Re: Integrate 5.0
- To: mathgroup at smc.vnet.net
- Subject: [mg44253] Re: Integrate 5.0
- From: "David W. Cantrell" <DWCantrell at sigmaxi.org>
- Date: Fri, 31 Oct 2003 03:01:24 -0500 (EST)
- References: <bnnvfj$61s$1@smc.vnet.net>
- Sender: owner-wri-mathgroup at wolfram.com
Selwyn,
> Perhaps this a better example:
>
> Integrate[Sqrt[Cos[t]^2 + 1], {t, 0, x}]
>
> For any real x, this is Sqrt[2] EllipticE[x,1/2], but here's the output
> you get:
[monstrosity snipped]
> To coax Sqrt[2] EllipticE[x,1/2] out of this mess, it's not enough to
> simplify with x\[Element]Reals,
>
> Simplify[Integrate[Sqrt[Cos[t]^2 + 1], {t, 0, x}],x\[Element]Reals]
>
> << similar output >>
>
> one has to simplify either with x\[Element]Reals&&x>0 or
> x\[Element]Reals&&x<0
>
> Simplify[Integrate[Sqrt[Cos[t]^2 + 1], {t, 0, x}],
> x\[Element]Reals&&x>0]
>
> Sqrt[2] EllipticE[x,1/2]
Thinking that perhaps it's better to let Mathematica know your intentions
during the integration, rather than afterward, I tried
Integrate[Sqrt[Cos[t]^2 + 1], {t, 0, x}, Assumptions -> x \[Element] Reals]
The result
If[x != 0, Sqrt[2]*EllipticE[x, 1/2],
Integrate[Sqrt[1 + Cos[t]^2], {t, 0, x},
Assumptions -> x \[Element] Reals && x == 0]]

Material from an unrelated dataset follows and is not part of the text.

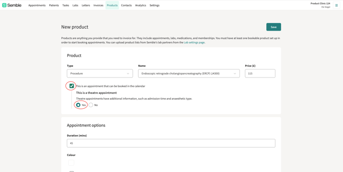 Note: Make sure that the 'This product can be booked in the calendar' box is ticked, as well as 'This is a theatre appointment.'

while not unwieldy, is certainly strange. It's clearly equivalent to
Sqrt[2] EllipticE[x,1/2]. (So why doesn't Mathematica see that, and
simplify accordingly?)
> I'm just saying there's got to be a better way. Having a small number
> of functions that do very general things is a good philosophy, in
> general. However, in the case of Integrate, there sorely needs to be
> some simple, elegant way to integrate on the real line. But then again,
> I could be wrong.
I agree that there needs to be a way to do that.
BTW, one can throw caution to the wind and just use
Integrate[Sqrt[Cos[t]^2 + 1], {t, 0, x}, GenerateConditions -> False]
which gives the desired result immediately.
Regards,
David